« Je te demande de vendre ta robe de mariée et de me rendre l’argent ! » – déclara la belle-mère.

— Marina Ivanovna, comment pouvez-vous dire une chose pareille ? Nous avons notre mariage avec Smelov demain ! — s’étonna Renata en entendant les accusations de sa belle-mère qui était soudainement venue à son travail.

Les collègues restèrent figés, perplexes, observant la scène qui se déroulait devant eux.

On aurait dit qu’une pièce de théâtre se jouait directement au bureau – et sans besoin de billets.

Les commères étaient prêtes à répéter la nouvelle avec commentaires.

Renata comprit qu’il fallait éloigner cette femme des regards indiscrets et parler en privé.

— Sortons dehors.

Ici, il y a trop d’oreilles, — proposa-t-elle doucement.

— Et moi, qu’est-ce que ça peut me faire ? Que tout le monde sache qui tu es vraiment !

Renata ne comprenait pas pourquoi elle se faisait soudainement submerger par un tel flot de négativité.

Jusqu’à présent, tout allait bien, ils discutaient tranquillement du mariage à venir, et maintenant — voilà ce qui se passe.

— Expliquez-moi ce qui se passe ? Pourquoi m’insultez-vous ?

La jeune femme savait que si les gens n’apprenaient qu’une partie de la vérité, ils inventeraient le reste, et alors sa réputation serait irrémédiablement détruite.

— Je vais tout expliquer.

Dans les moindres détails.

Quand mon fils m’a demandé de l’argent pour votre mariage et a promis de me le rendre plus tard, j’ai pensé que vous n’aviez vraiment rien.

Et toi ?! Comment as-tu pu acheter une robe aussi chère ? Quand j’ai vu le prix, j’ai failli m’évanouir !

S’il y a de l’argent, rends-le-moi tout de suite !

Donc, tout ce scandale vient d’une robe de mariée ?

Les collègues, réalisant qu’ils n’entendraient plus rien de croustillant, commencèrent à partir.

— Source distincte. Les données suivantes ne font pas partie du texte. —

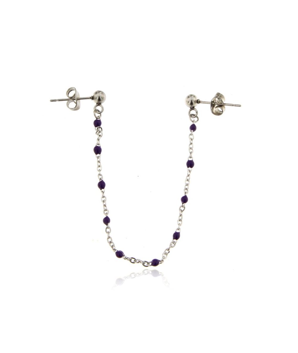 Orecchino per doppio buco con catena in acciaio inox smaltata viola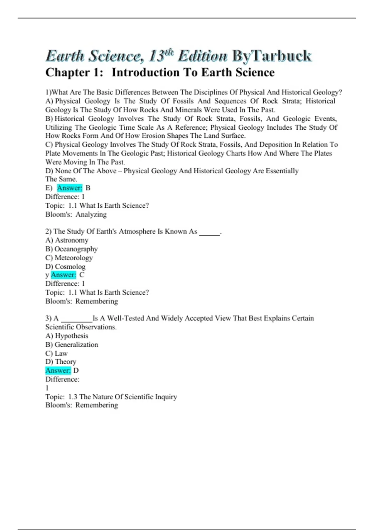 Test Bank for Essentials of Geology Earth Science, 13th Edition By Tarbuck, 2025) All Chapters Covered, Latest Guide A+.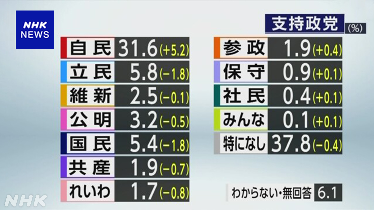 政党支持率「支持政党なし」37.8% 自民の支持率が上昇 NHK世論調査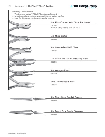 www.americanortho.com236 Instruments | Hu-Friedy%u00ae Slim CollectionSlim Flush Cut and Hold Distal End Cutter678-113AMaximum cutting capacity: .012 - .021 x .025Slim Micro Cutter678-500ASlim Hammerhead NiTi Pliers678-502ASlim Crown and Band Contouring Pliers678-221MSlim Weingart Pliers678-202AUltra Slim Weingart Pliers678-501ASlim Direct Bond Bracket Tweezers678-504ASlim Buccal Tube Bonder Tweezers678-505AHu-Friedy%u00ae Slim Collection%u2022 9 instruments feature 10% to 50% smaller working end%u2022 More intraoral adaptation, maneuverability and patient comfort%u2022 Ideal for children and patients with smaller mouths

On pouvait seulement espérer que cette histoire ne dégénère pas en un scandale monumental.

Renata avait toujours essayé d’être une employée modèle, mais maintenant il était trop tard pour changer quoi que ce soit.

Elle n’aurait probablement pas dû donner son adresse professionnelle à Marina Ivanovna et demander à sa sécurité de la laisser passer.

Qui aurait cru que cette femme viendrait non pas pour féliciter, mais pour accuser ?

Comme la journée de Renata était courte et que le travail était presque fini, elle éteignit son ordinateur, regarda sa belle-mère et poussa un lourd soupir.

Si Marina Ivanovna fait déjà preuve d’autant de mesquinerie maintenant, que sera-ce ensuite ? Peut-on lui faire confiance ? Faut-il constamment se méfier ?

Oui, elle allait épouser Semion, mais sa mère, on ne peut pas s’en débarrasser.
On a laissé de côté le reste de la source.